JavaScript is added within the page source code and can be either loaded within <script> tags or can be included remotely with the src attribute: <script src="/location/of/javascript_file.js"></script> JavaScript 被添加到页面源代码中,可以在 <script> 标签中加载,也可以通过 src 属性远程包含:<script src="/location/of/javascript_file.js"></script>
The following JavaScript code finds a HTML element on the page with the id of "demo" and changes the element's contents to "Hack the Planet" : document.getElementById("demo").innerHTML = "Hack the Planet"; 以下 JavaScript 代码在页面上找到一个 ID 为 “demo” 的 HTML 元素,并将该元素的内容更改为 “Hack the Planet”:document.getElementById ("demo").innerHTML =“Hack the Planet”;
HTML elements can also have events, such as "onclick" or "onhover" that execute JavaScript when the event occurs. The following code changes the text of the element with the demo ID to Button Clicked: <button onclick='document.getElementById("demo").innerHTML = "Button Clicked";'>Click Me!</button> – onclick events can also be defined inside the JavaScript script tags, and not on elements directly. HTML 元素也可以包含事件,例如 “onclick” 或 “onhover”, 这些事件在事件发生时执行 JavaScript。以下代码将具有 demo ID 的元素文本更改为 “Button Clicked”:<button οnclick=‘document.getElementById ("demo").innerHTML=“Button Clicked”;‘>Click Me!</button>——onclick 事件也可以在 JavaScript 脚本标签中定义,而不是直接在元素上定义。
问题
答案
Task4 Sensitive Data Exposure 敏感数据暴露
图片版
文字版
Sensitive Data Exposure occurs when a website doesn't properly protect (or remove) sensitive clear-text information to the end-user; usually found in a site's frontend source code. 当网站未能适当地保护 (或删除) 敏感的明文信息给最终用户时,就会发生敏感数据泄露;这些信息通常存在于网站的前端源代码中。

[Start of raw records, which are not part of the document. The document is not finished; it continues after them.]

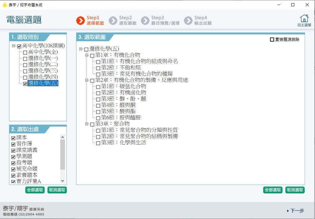 111學年下學期 高中命題光碟 泰宇版 化學科(全、選修一、選修二、選修三、選修四、選修五)(108課綱)題庫光碟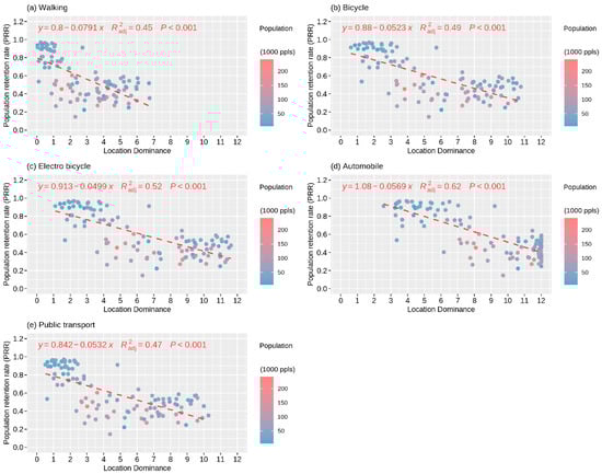 Scatterplots of location dominance vs. the population retention rate. The red dashed lines in the five subplots indicate corresponding unary regression lines. The gradient color of the points in the scatterplots represents the total current resident population (with the unit being 1000 persons).
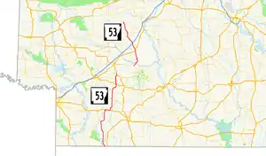 Between September 1929 and March 1930, a second segment between and Bodcaw and State Road 19 (now US 371) was added to the state highway system.[5][6] The route was extended south from Bodcaw to Falcon on July 10, 1957,[7] and extended south to US 82 at Buckner on April 24, 1963.[8] A third section of Highway 53 was created in Lafayette County between the Louisiana state line and McKamie on March 7, 1961.[9][10] The gap between the two southern routes was closed two years later when Highway 53 was extended north from McKamie to US 82 Truck in Stamps on June 23, 1965.[11]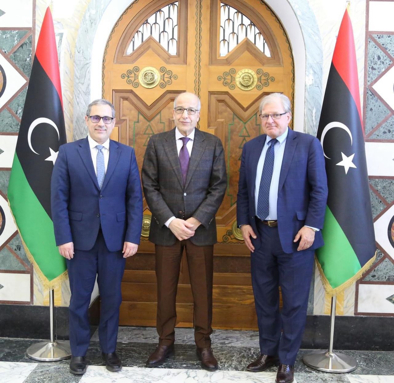 H.E Mr. Saddek Omar ElKaber, the Governor of the Central Bank of Libya, met with Mr. Richard Norland, the U.S. Special Envoy to Libya, and Mr. Jeremy Berndt, the Chargé d’Affaires at the U.S. Embassy on tuesday 5th of march,2024. The meeting covered several important topics, including efforts in collaboration with the parliamentary financial committee and other state institutions to prepare a unified budget law for the year 2024. Additionally, they reviewed the central bank unification efforts, the reasons behind the appreciation of hard currency in the parallel market, and the transparency and disclosure project adopted by the Central Bank of Libya. Furthermore, they discussed the crucial measures the central bank will take to safeguard the country’s financial sustainability and enhance the value of the Libyan dinar.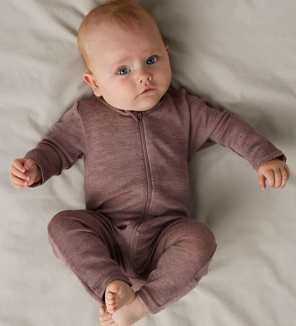 Dejlig Name It natdragt i støvet lilla med fint hulmønster og blonder i hals- og ærmeåbninger. Natdragten har en rund halsudskæring og lynlås fortil med hagesbeskytter og indvendig vindstolpe. Natdragten har lange ærmer og lange ben med mulighed for ombuk til lukkede fødder.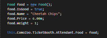 If we run the application and step over the line of code that assigns the food object to the Employee's Food field we can see that the field is the same as the food object.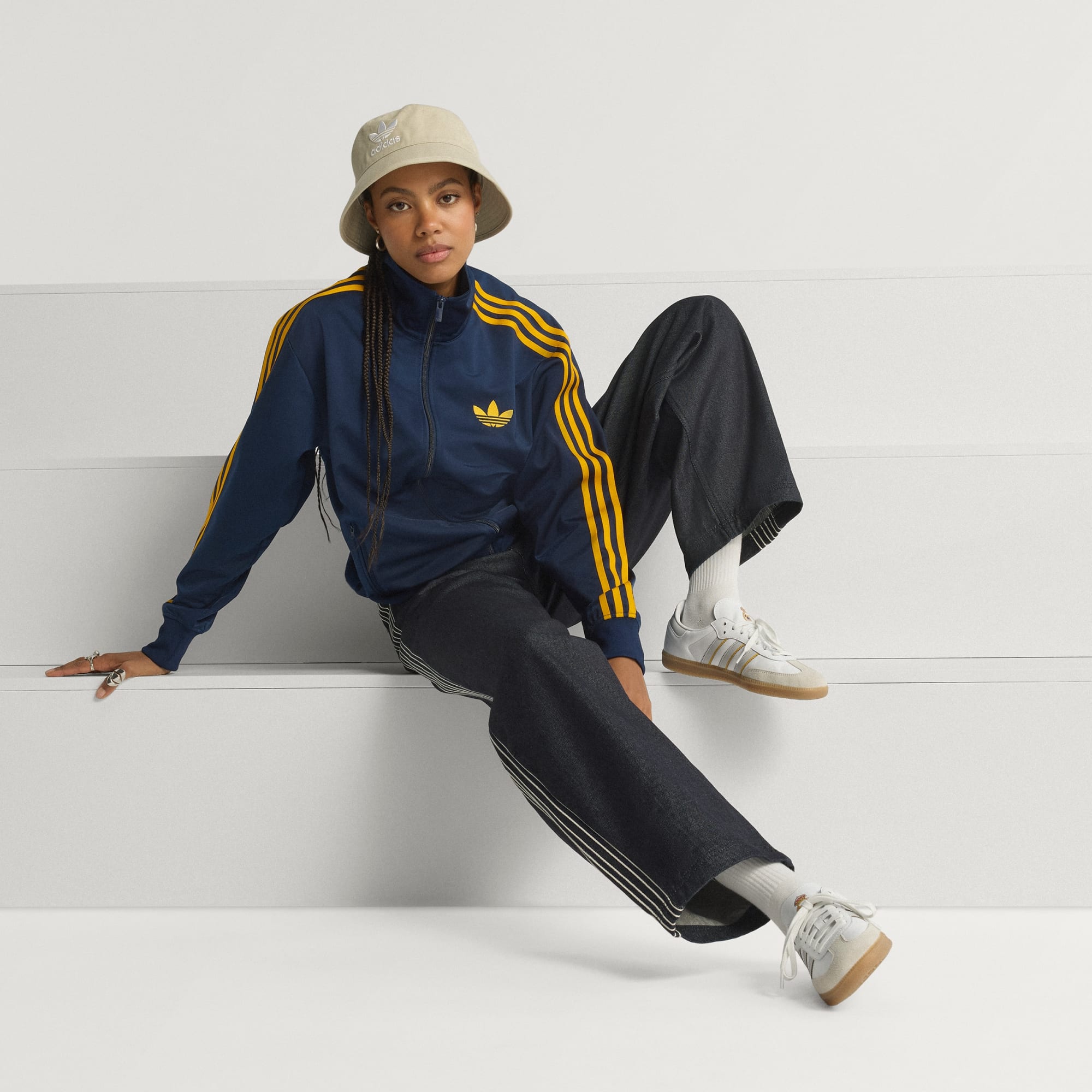 Gemaakt zodat Real Madrid-supporters ook buiten het veld de stijlvol hun passie voor voetbal kunnen laten zien. De Samba schoen, een icoon onder de adidas schoenen, staat bekend om zijn zachte leren bovenwerk en suède T-neus. Dit paar is uitgevoerd in de beroemde thuiskleuren van Real Madrid en heeft een clublogo op de hiel zodat er geen twijfel mogelijk is over welk team je support.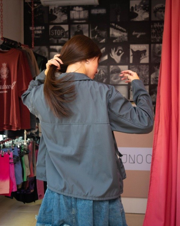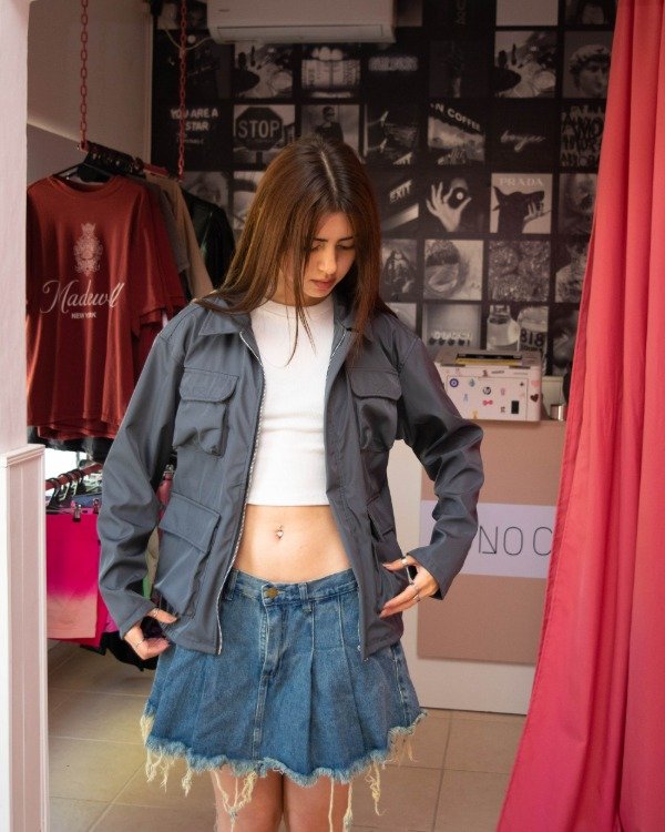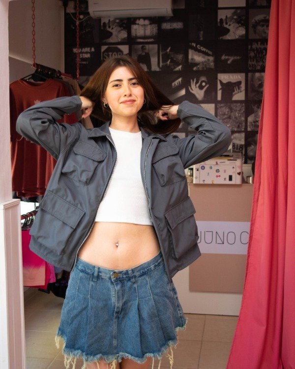 Campera gris con bolsillos y cierre frontal, cómoda y práctica. Ideal para un look urbano y relajado de media estación.

We now know that websites are built using many HTML elements (tags), all of which we can see simply by "viewing the page source". A website developer may have forgotten to remove login credentials, hidden links to private parts of the website or other sensitive data shown in HTML or JavaScript. 我们现在知道网站是使用许多 HTML 元素 (标签) 构建的,所有这些元素都可以通过简单的 “查看页面源代码” 来查看。网站开发人员可能忘记删除登录凭据、指向网站私有部分的隐藏链接,或者 HTML 或 JavaScript 中显示的其他敏感数据。
Sensitive information can be potentially leveraged to further an attacker's access within different parts of a web application. For example, there could be HTML comments with temporary login credentials, and if you viewed the page's source code and found this, you could use these credentials to log in elsewhere on the application (or worse, used to access other backend components of the site). 敏感信息可能被用于进一步利用攻击者对 Web 应用程序不同部分的访问。例如,可能会出现带有临时登录凭据的 HTML 注释,如果你查看页面的源代码并发现这一点,你可以使用这些凭据在应用程序的其他地方登录 (或者更糟,用于访问网站的其他后端组件)。
Whenever you're assessing a web application for security issues, one of the first things you should do is review the page source code to see if you can find any exposed login credentials or hidden links. 每当你评估 Web 应用程序的安全问题时,首先要做的事情之一就是检查页面源代码,看看是否能找到任何暴露的登录凭据或隐藏的链接
问题
答案
Task5 HTML Injection HTML 注入
图片版
文字版
HTML Injection is a vulnerability that occurs when unfiltered user input is displayed on the page. If a website fails to sanitise user input (filter any "malicious" text that a user inputs into a website), and that input is used on the page, an attacker can inject HTML code into a vulnerable website. HTML 注入是一种漏洞,当页面上显示未经过滤的用户输入时,就会发生这种情况。如果网站未能清理用户输入 (过滤用户输入到网站的任何 “恶意” 文本), 并且该输入在页面上被使用,攻击者就可以向易受攻击的网站注入 HTML 代码。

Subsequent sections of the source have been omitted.